I really enjoyed that piece about the fake news creator. However, the bit about it never working on liberals made me laugh. C'mon! That's a fake fact! It may well be that this guy doesn't know how to bait the Left or it may be that the Left is more fractured. This I could believe. It's part of the reason that the Left cannot seem to coalesce behind a single person or movement. But that statement works because we want to believe it is true – the Left is just smarter! Sure, okay. Let's pass that around because it conforms to our worldview regardless of whether it is true or not. It may not even be able to be empirically true. That's the best stuff for fake-fact peddlers – impossible to verify. I wish they had not included the statement in the piece because any Right-leaning person who suffers to listen to it or read it will get to that bit and throw the whole thing out.
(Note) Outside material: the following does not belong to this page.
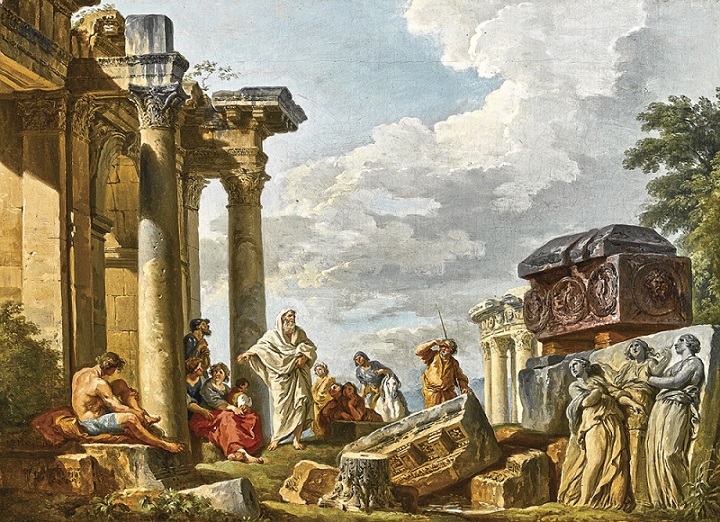 "Каприччио с фигурами среди римских археологических руин, храм Весты в Тиволи и саркофаг Костантина". Панини Джованни

*I went right to the internet when this story started popping up to find the audio because it seemed too dog-whistley. I couldn't believe he really said this! Must be a twisted up story. Nope. The audio is even better than I imagined. What a goddamn weirdo they have in their midst.
posted by amanda at 10:03 AM on November 25, 2016 [3 favorites]


Here is an example of a right-wing Facebook group using the trendy new format of viral videos to spread misinformation about the Dakota pipeline protests. How are you suppose to fact-check things like this? This is brand new, too, it'll take time to debunk this and by then it'll have been shared much too widely.
posted by gucci mane at 8:49 AM on November 26, 2016 [1 favorite]




How are you suppose to fact-check things like this?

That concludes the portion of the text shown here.